Recrystallisation is a key practical skill for post-16 students (rsc.li/4mASgDt). 2-hydroxybenzoic acid has a low solubility at room temperature (2.5 g dm^-3) and high solubility at 100°C (77.8 g dm^-3), so it’s useful for demonstrating and practising this technique (rsc.li/4ewqkP0). Put recrystallisation in the wider context of organic synthesis by synthesising and purifying aspirin (rsc.li/4tUWU1D) or paracetamol (rsc.li/3QLK8nG). 

Crystallisation could form a project either for extension within class or perhaps as an activity for a science club. The RSC ran a global experiment in 2014 looking at the art of crystallisation (rsc.li/3QeI5Zk). The project suggests various salts, including potassium nitrate and alum, and the resources include a useful crystal shape classification. 

The production of sweets is a good example (rsc.li/4cqV5Cu). Aqueous sugar solutions at different concentrations have different properties. As a sugar solution is boiled, the water evaporates and the concentration of the sugar increases. As the boiling point is dependent on sugar concentration, the temperature of the solution increases steadily as concentration increases, from the soft ball (fudge) concentration (85 per cent) to hard crack (toffee, 99 per cent). 

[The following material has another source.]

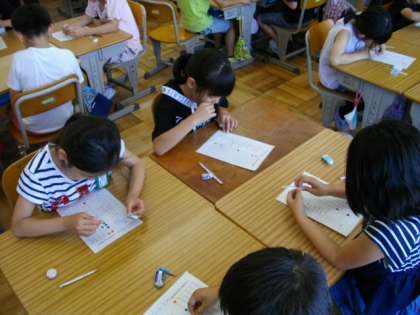 例えば、「元気」という項目が一番多く選ばれた友だちには、どんなところが元気なのかをグループの一人一人が児童一人につき一枚の賞状に書いて、その友だちのよさを見つける授業でした。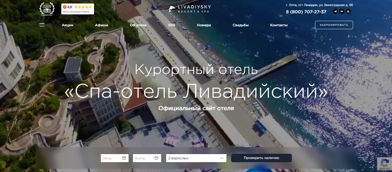 Курортный комплекс "Ливадийский" обратился к нам с заданием создать и раскрутить сайт, который должен быть удобным для гостей, ярко представлять услуги и оперативно выйти в топ поисковой выдачи.

A more complex context, but one that can lead to many interesting discussions, is chocolate (rsc.li/4cuPWJw). Multiple crystal forms exist, providing many extension opportunities to stretch and challenge keen students (rsc.li/4vA4nVm). The overlap of chemistry, cooking and business makes studying chocolate a potentially interesting cross-department project.

Making copper sulfate crystals from copper oxide and sulfuric acid requires filtration, evaporation and crystallisation techniques. There are various scales at which this practical can be carried out, with CLEAPSS guidance for England, Wales and Northern Ireland (bit.ly/4tbcd6m) and SSERC for members in Scotland (bit.ly/4tWOOFX). The traditional method, involving heating sulfuric acid directly, has mostly been replaced by warming slightly more concentrated acid in a  hot water bath, providing a lower risk method (rsc.li/3OMg8rj).

An alternative microscale method is also available (rsc.li/4cQ1oRn). The reaction mixture is heated using a sand bath, both to increase the rate of the reaction and to evaporate some of the solvent from the copper sulfate solution. Next, the sample is filtred thorugh mineral wool in a syringe. Aside from the speed advantages, students can work individually, giving them time to focus on improving their manual dexterity. It is possible for students to produce cyrstals within a normal teaching lesson, as shown in the comparison of crystallisation image.